Data:
BEGIN
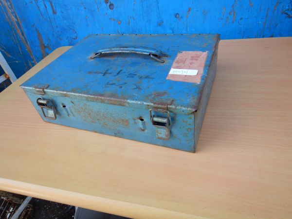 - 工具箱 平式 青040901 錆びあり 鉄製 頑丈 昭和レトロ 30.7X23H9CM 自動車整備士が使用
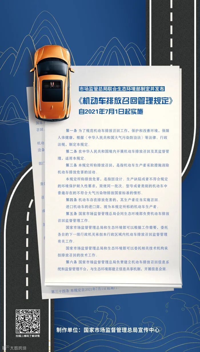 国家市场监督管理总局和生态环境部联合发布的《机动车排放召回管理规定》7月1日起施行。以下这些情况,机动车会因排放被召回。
END
BEGIN
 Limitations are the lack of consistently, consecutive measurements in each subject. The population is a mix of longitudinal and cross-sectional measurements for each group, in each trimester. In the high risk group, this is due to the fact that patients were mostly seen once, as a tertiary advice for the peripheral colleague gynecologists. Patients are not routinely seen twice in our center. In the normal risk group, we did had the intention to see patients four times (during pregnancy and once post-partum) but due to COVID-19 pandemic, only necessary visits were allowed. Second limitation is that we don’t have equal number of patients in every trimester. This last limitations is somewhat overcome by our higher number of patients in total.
END
BEGIN
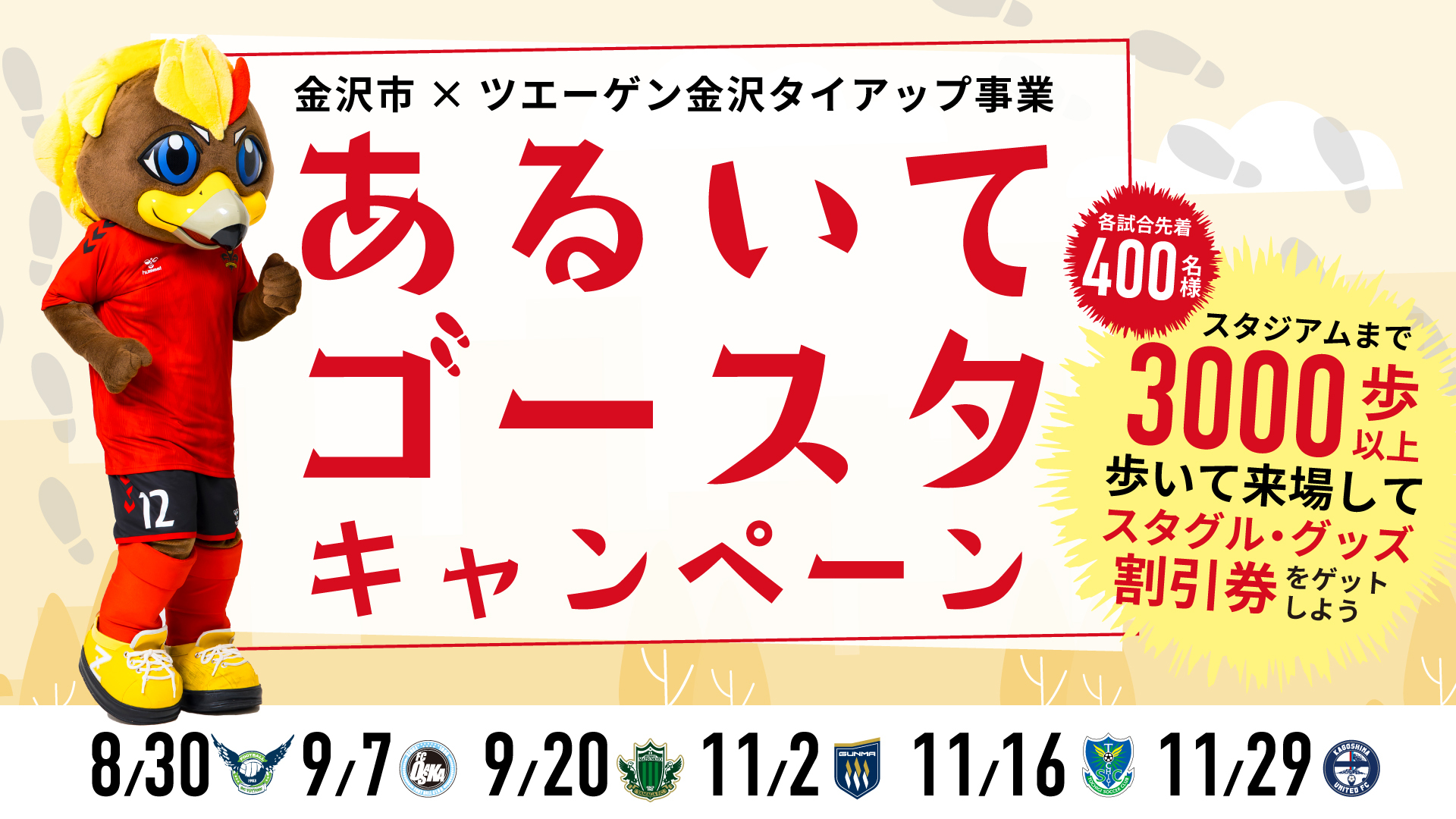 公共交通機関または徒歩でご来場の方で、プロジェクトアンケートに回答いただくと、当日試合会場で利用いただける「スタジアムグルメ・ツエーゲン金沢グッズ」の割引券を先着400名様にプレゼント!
END
Problem description: Write out again exactly the lines above from the one with "- 工具箱 平式 青040901" through the one with "国家市场监督管理总局和生态环", adding no other lines and no pictures.

Reply:
 - 工具箱 平式 青040901 錆びあり 鉄製 頑丈 昭和レトロ 30.7X23H9CM 自動車整備士が使用
 国家市场监督管理总局和生态环境部联合发布的《机动车排放召回管理规定》7月1日起施行。以下这些情况,机动车会因排放被召回。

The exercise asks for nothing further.